Capital One Financial Corporation announced a data breach that affected approximately 100 million individuals in the United States and approximately 6 million in Canada.

Capital One says it immediately fixed the configuration vulnerability that this individual exploited and promptly began working with federal law enforcement. The FBI has arrested the person responsible and that person is in custody. "Based on our analysis to date, we believe it is unlikely that the information was used for fraud or disseminated by this individual. However, we will continue to investigate," says a press release

"No credit card account numbers or log-in credentials were compromised and over 99 percent of Social Securitynumbers were not compromised," the press release says. 
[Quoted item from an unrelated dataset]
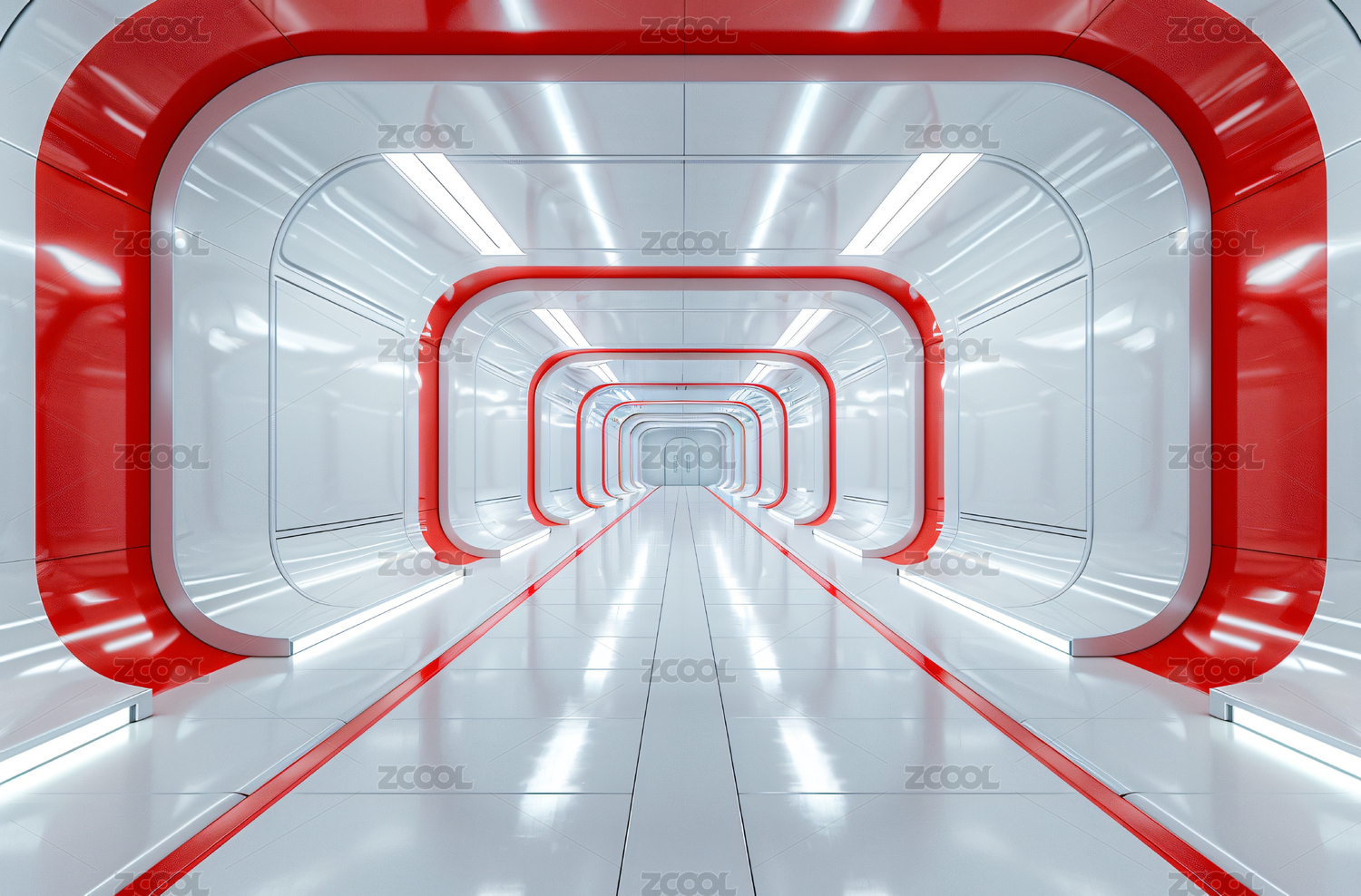 红色灯光的未来隧道

This information included personal information Capital Oneroutinely collects at the time it receives credit card applications, including names, addresses, zip codes/postal codes, phone numbers, email addresses, dates of birth, and self-reported income. Beyond the credit card application data, the individual also obtained portions of credit card customer data, including: 

  • Customer status data, e.g., credit scores, credit limits, balances, payment history, contact information
  • Fragments of transaction data from a total of 23 days during 2016, 2017 and 2018

The press release says, "No bank account numbers or Social Security numbers were compromised, other than:

  • About 140,000 Social Security numbers of credit card customers
  • About 80,000 linked bank account numbers of secured credit card customers

For Canadian credit card customers, approximately 1 million Social Insurance Numbers were compromised in this incident". Capital One will notify affected individuals through a variety of channels and will make free credit monitoring and identity protection available to everyone affected.

Jack Kudale, founder and CEO of Cowbell Cyber, says, “The latest known breach at Capital One highlights the importance of addressing the gap in insurability. It appears that there will be over-whelming attention to the S3 buckets where this information was stored. As the enterprise risk managers around the world now focus on response and recovery, the shift from traditional prevention and detection budgets will quickly shift to insurance.”

Chris Morales, head of security analytics at Vectra, “It’s still early, and I think this one is going to develop out a bit more. However, I wouldn’t put it at the same level as the Equifax breach. What was exploited was a website vulnerability that gave access to credit card applications, including 140,000 social security numbers and 80,000 linked bank account numbers. I think it will need to play out in the next day or so. While these numbers sound big, it was attributed to a specific person who was already arrested. I’m curious if the data was ever released to the public.”